***** Input data
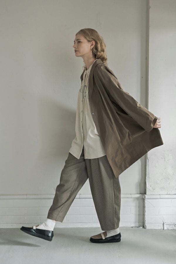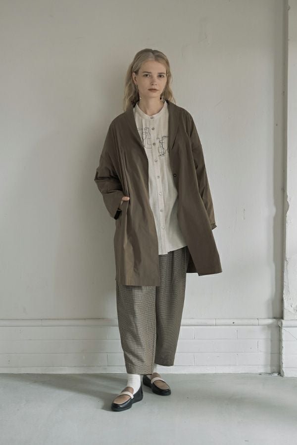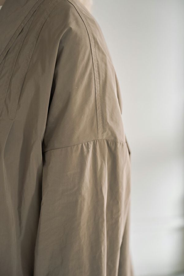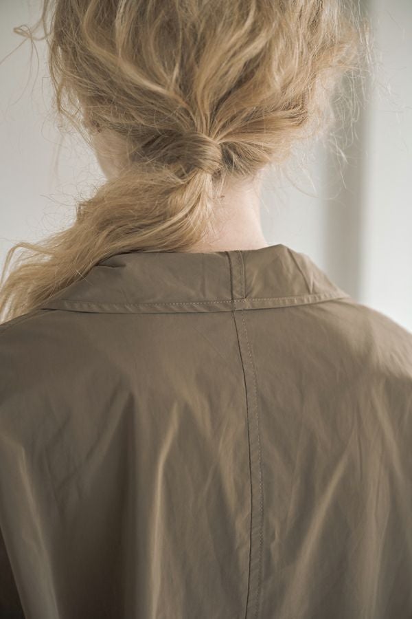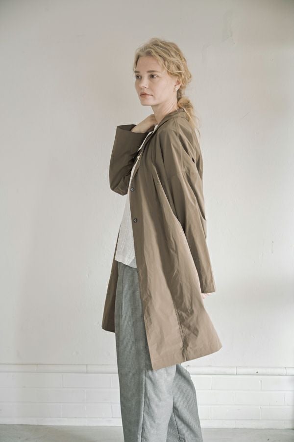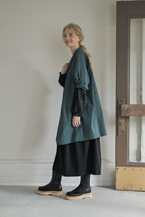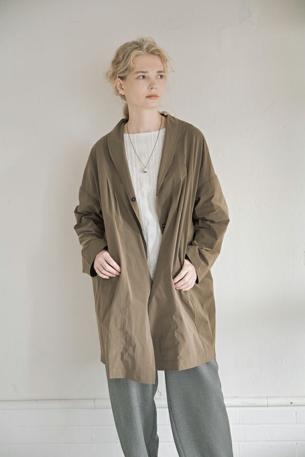 上品な光沢感が大人の着こなしに映えるドレープコート。 微光沢でハリ感のあるタフタ素材は、サラっとした風合いで 風を通さずシーズン通して快適に着用出来ます。反発感もあるのでシワにもなりにくい特徴もある優れもの。 ゆったりサイズなので、厚手でのセーター合わせも問題なし。パサっと羽織って"大人の抜け感"漂う着こなしが出来ます。
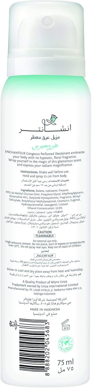 Experience all-day confidence and an irresistible aroma with the Enchanteur Gorgeous Perfumed Deodorant Spray. Infused with a captivating fragrance, this deodorant spray keeps you feeling fresh and elegant from morning to night. Its advanced formula provides reliable protection against body odor while enveloping your senses in a beautiful, long-lasting scent that complements your charm.
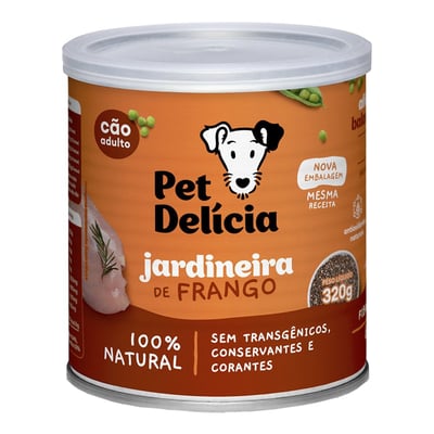 Ração úmida lata pet delícia natural jardineira de frango para cães adultos 320g
**********
## Task instructions:
If the material above contains pictures, exclude them from an otherwise exact transcription.

## Your solution:
 上品な光沢感が大人の着こなしに映えるドレープコート。 微光沢でハリ感のあるタフタ素材は、サラっとした風合いで 風を通さずシーズン通して快適に着用出来ます。反発感もあるのでシワにもなりにくい特徴もある優れもの。 ゆったりサイズなので、厚手でのセーター合わせも問題なし。パサっと羽織って"大人の抜け感"漂う着こなしが出来ます。
 Experience all-day confidence and an irresistible aroma with the Enchanteur Gorgeous Perfumed Deodorant Spray. Infused with a captivating fragrance, this deodorant spray keeps you feeling fresh and elegant from morning to night. Its advanced formula provides reliable protection against body odor while enveloping your senses in a beautiful, long-lasting scent that complements your charm.
 Ração úmida lata pet delícia natural jardineira de frango para cães adultos 320g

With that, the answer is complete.